# Forcing long text lines to wrap



## msage

Our company has rolled it's own problem management program (using Lotus Domino I think).

Editing text in the status area works fine. But, displaying the text is a different thing. If the user allows the text to wrap in the edit box, the whole sentence/paragraph is displayed on one line that extends beyond the right side of the window.

I've pointed out that this does not look right and asked if it was going to be fixed. The developer pretty much agreed that it's not right but, he can't figure out how to fix it. His solution was to tell the users to insert linefeeds right before the right side of the edit box.

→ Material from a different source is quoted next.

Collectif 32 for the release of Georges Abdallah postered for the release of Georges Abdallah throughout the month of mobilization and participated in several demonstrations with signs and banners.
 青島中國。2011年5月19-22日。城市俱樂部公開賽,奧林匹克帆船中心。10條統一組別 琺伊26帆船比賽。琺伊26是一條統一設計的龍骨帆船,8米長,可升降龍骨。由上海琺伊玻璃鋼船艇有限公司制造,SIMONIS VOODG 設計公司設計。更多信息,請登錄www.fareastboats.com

I've viewed the source of the generated web page. Tables are used to handle the layout. The long text entry is wrapped in tags.

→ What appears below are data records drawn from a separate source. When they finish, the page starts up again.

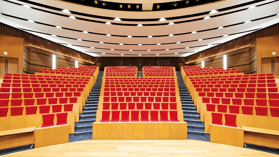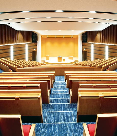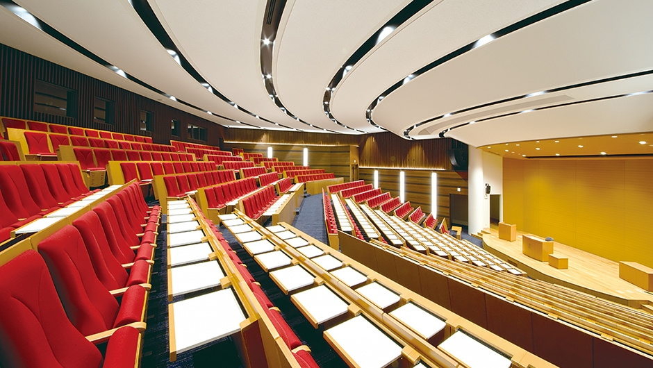 「清明ホール」/ホール客席:ATS-1341DR特注品 500席、演台:特注品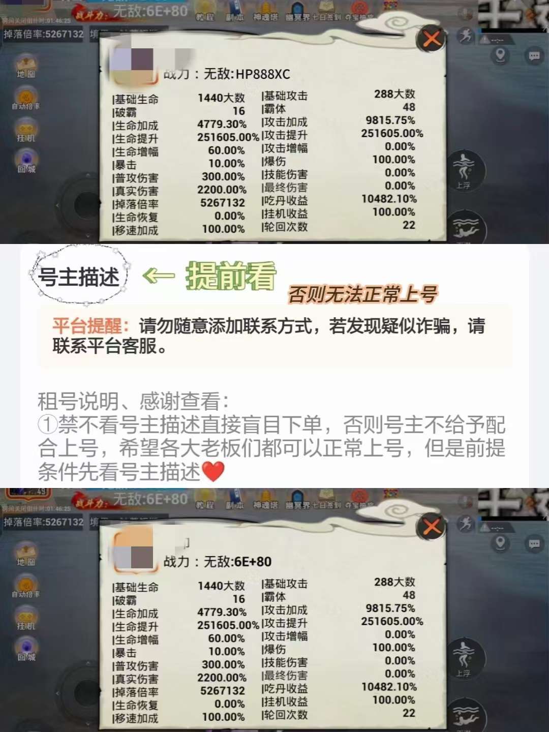 租号说明:重点查看 禁止使用号上的交易牌.点券.仙髓.倍率丹.不可乱点免费轮回.否则必追究法律责任 ❤️❤️重点查看:无敌战力~图②~+《战力:无敌:HP》 ❤️❤️重点查看:无敌战力~图②~+《战力:无敌:HP》 ❤️❤️重点查看:无敌战力~图②~+《战力:无敌:HP》 禁止非法组队 开挂 等一系列 导致账号无法使用 我们有权利要求并赔偿一切损失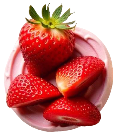 Juicy strawberry scoops topped with a swirl of sweet delight.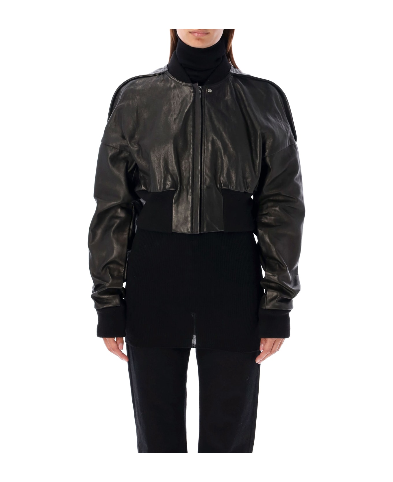 Flight Jacket Cropped By Rick Owens. Featuring: Loose Fit Silhouette Lamb Leather Fabric Ribbed Crew Neck Collar Long Sleeves With Ribbed Cuffs Front Zip Closure Ribbed Hem Model Is 1,72 And Wears Size 40.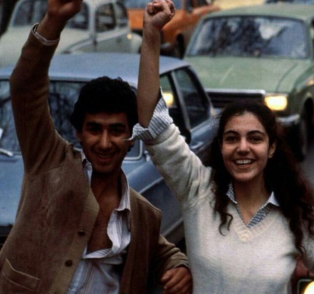 C’est dans ce contexte qu’éclate l’insurrection actuelle partie du Bazar de Téhéran, le dimanche 28 décembre 2025, après la chute du rial. Beaucoup de gestes, de slogans, de chansons montrent une montée en puissance des royalistes. On entend ainsi : « Ceci est la dernière bataille, Pahlavi reviendra ! » mais aussi « Mort au dictateur ! », une parole qui peut être prononcée par les mêmes ou par d’autres. Le drapeau du Lion et du Soleil est le seul que l’on voit contre le drapeau de la République islamique. Souvenons-nous qu’au début du mouvement « Femme, vie, liberté », on trouvait souvent dans la bande blanche de l’étendard, lors des manifestations de la diaspora, la devise formée par les trois mots sans aucun autre emblème. Il est révélateur qu’une image montrant deux amoureux en train de s’embrasser en pleine rue ait été mise en avant par les médias alors qu’elle date de 2022 comme s’il s’agissait de retrouver un symbole qui évoquerait « Femme, vie, liberté ». Si la vidéo d’une jeune femme allumant sa cigarette en brûlant le portrait d’Ali Khamenei, le guide suprême, a fait le tour du monde, elle a été prise, comme on le sait maintenant, au Canada et non en Iran. La décontraction qu’on y lit rappelle 2022 tout en reproduisant l’action d’Omid Sarlak mais sans les mots violents qui l’accompagnaient.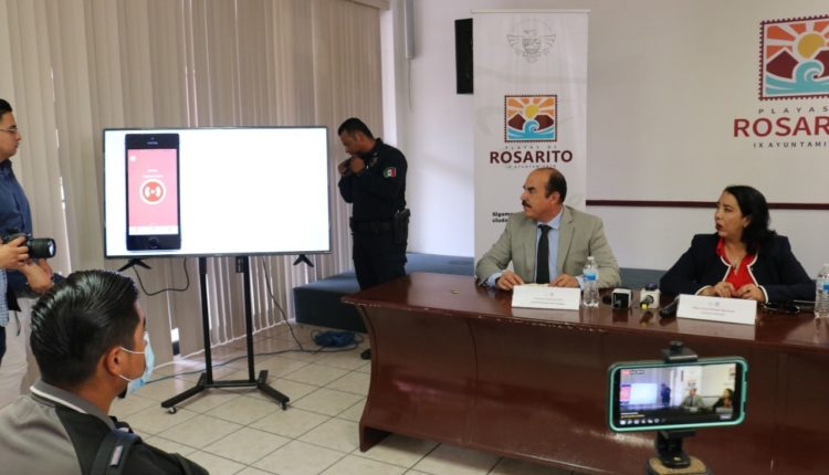 Playas de Rosarito, 11 de julio de 2022.- El “Botón de Alerta” de la aplicación digital SOS_RR ya está disponible para atención a emergencias, en apoyo a familias residentes y turistas y fue hoy presentado por la Presidente Municipal, Araceli Brown Figueredo.

My question is: Is there a way to force long lines of text to wrap?

I have to believe there is (via Javascript possibly). Unfortunately, I'm just learning HTML. The searches I have done on the web have turned up at least one item that might resolve this. Unfortunately, the entry is on a site that requires a paid subscription.


----------



## Gibble

Your developer can't fix it?

Geesh...time for a new developer!

in the css, give the pre tag these attributes
pre {
white-space: -moz-pre-wrap; /* Mozilla, supported since 1999 */
white-space: -pre-wrap; /* Opera 4 - 6 */
white-space: -o-pre-wrap; /* Opera 7 */
white-space: pre-wrap; /* CSS3 - Text module (Candidate Recommendation) http://www.w3.org/TR/css3-text/#white-space */
word-wrap: break-word; /* IE 5.5+ */
}

or in the HTML in the pre tags style attribute put

This should work with most browsers.


----------



## msage

Thank you!!

A couple things though:

1) Can you tell me where those values (i.e. -moz-pre-wrap) are defined? I tried searching on www.w3.org and got a little frustrated (I work on big iron--we don't use no stinkin' fancy-smancy web browsin' do-dads. .

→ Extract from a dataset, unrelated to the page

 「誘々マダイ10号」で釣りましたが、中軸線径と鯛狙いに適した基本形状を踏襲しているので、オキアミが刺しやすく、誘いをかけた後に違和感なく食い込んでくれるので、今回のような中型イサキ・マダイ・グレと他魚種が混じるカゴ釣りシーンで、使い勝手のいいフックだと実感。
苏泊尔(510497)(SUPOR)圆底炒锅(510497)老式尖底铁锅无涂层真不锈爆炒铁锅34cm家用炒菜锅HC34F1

2) Can the width be modified? I imagine it can be.


----------



## Gibble

msage said:


> Thank you!!
> 
> A couple things though:
> 
> 1) Can you tell me where those values (i.e. -moz-pre-wrap) are defined? I tried searching on www.w3.org and got a little frustrated (I work on big iron--we don't use no stinkin' fancy-smancy web browsin' do-dads. .
> 
> 2) Can the width be modified? I imagine it can be.


1) A lot of those like -moz-pre-wrap are browser specific, that's why there are so many, there isn't a w3 standard 'yet' ...

2) The width can be modified in the style by adding width: 50%; to it (or whatever % or absolute value.


----------



## msage

I appreciate your information.


----------



## Gibble

No problem


----------